A Polícia Civil de São Paulo prendeu um jovem de 20 anos, suspeito de ser o responsável pelo disparo que matou um arquiteto na Zona Oeste da cidade. O crime ocorreu quando a vítima tentou impedir um assalto, e as câmeras de segurança registraram toda a ação. O suspeito, que já tinha passagens por roubo, se apresentou ao Departamento Estadual de Investigações Criminais (Deic) acompanhado de um advogado.
O arquiteto, Jefferson Dias, de 43 anos, foi baleado ao tentar recuperar a aliança e o celular de uma mulher que havia sido assaltada. Ele jogou seu carro contra o assaltante, que estava em uma motocicleta, mas foi atingido por três tiros fatais. O comparsa do suspeito ainda não foi encontrado e não possui antecedentes criminais.

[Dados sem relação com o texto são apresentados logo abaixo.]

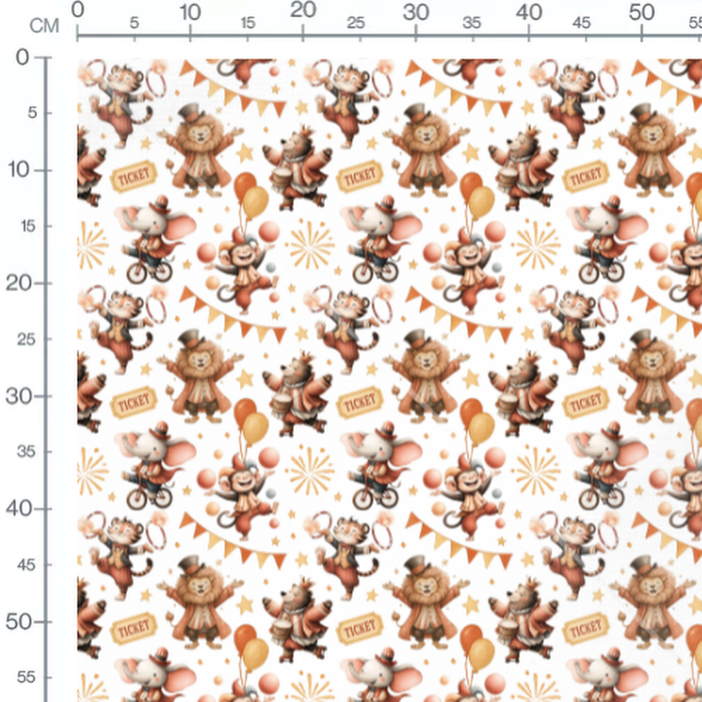 Les animaux portent des chapeaux et des costumes de cirque. Des ballons et des étoiles complètent le motif festif. Les couleurs dominantes sont l'orange, le beige et le brun. Des éléments de cirque comme des tickets et des tambours sont présents.Les tissus

O caso é tratado como latrocínio, que é o roubo seguido de morte, devido à tentativa de Jefferson de impedir o crime. Ele foi socorrido e levado ao Hospital Universitário, mas não sobreviveu aos ferimentos. Jefferson era recém-casado e planejava ter filhos. Sua família já havia enfrentado outra tragédia, com o assassinato do pai dele anos atrás.
Dados da Secretaria de Segurança Pública mostram que, no primeiro bimestre de 2025, houve um aumento de 16% nos homicídios dolosos em comparação ao mesmo período do ano anterior. O caso de Jefferson se soma a uma série de latrocínios, com nove ocorrências registradas em São Paulo nos dois primeiros meses de 2025.
A Polícia Civil de São Paulo prendeu um jovem de 20 anos, suspeito de ser o autor do disparo que resultou na morte de um arquiteto na Zona Oeste da cidade. O crime ocorreu após a vítima tentar impedir um assalto, sendo registrado por câmeras de segurança. O suspeito, que já tinha passagens por roubo, se apresentou ao Departamento Estadual de Investigações Criminais (Deic) acompanhado de um advogado.
O arquiteto, Jefferson Dias, de 43 anos, foi baleado ao tentar recuperar a aliança e o celular de uma pedestre que havia sido assaltada. Ele jogou seu carro contra o assaltante, que estava em uma motocicleta, mas foi atingido por três disparos fatais. O comparsa do suspeito ainda não foi localizado e não possui antecedentes criminais.
O caso é tratado como latrocínio (roubo seguido de morte), uma vez que a ação do arquiteto foi uma tentativa de impedir o crime. Jefferson foi socorrido e levado ao Hospital Universitário, mas não sobreviveu aos ferimentos. Ele era recém-casado e planejava ter filhos, e sua família já havia enfrentado outra tragédia quando seu pai foi assassinado há anos.
Dados da Secretaria de Segurança Pública indicam que, no primeiro bimestre de 2025, houve um aumento de 16% nos homicídios dolosos em comparação ao mesmo período do ano anterior. O caso de Jefferson se soma a uma série de latrocínios, com nove ocorrências registradas em São Paulo nos dois primeiros meses de 2025.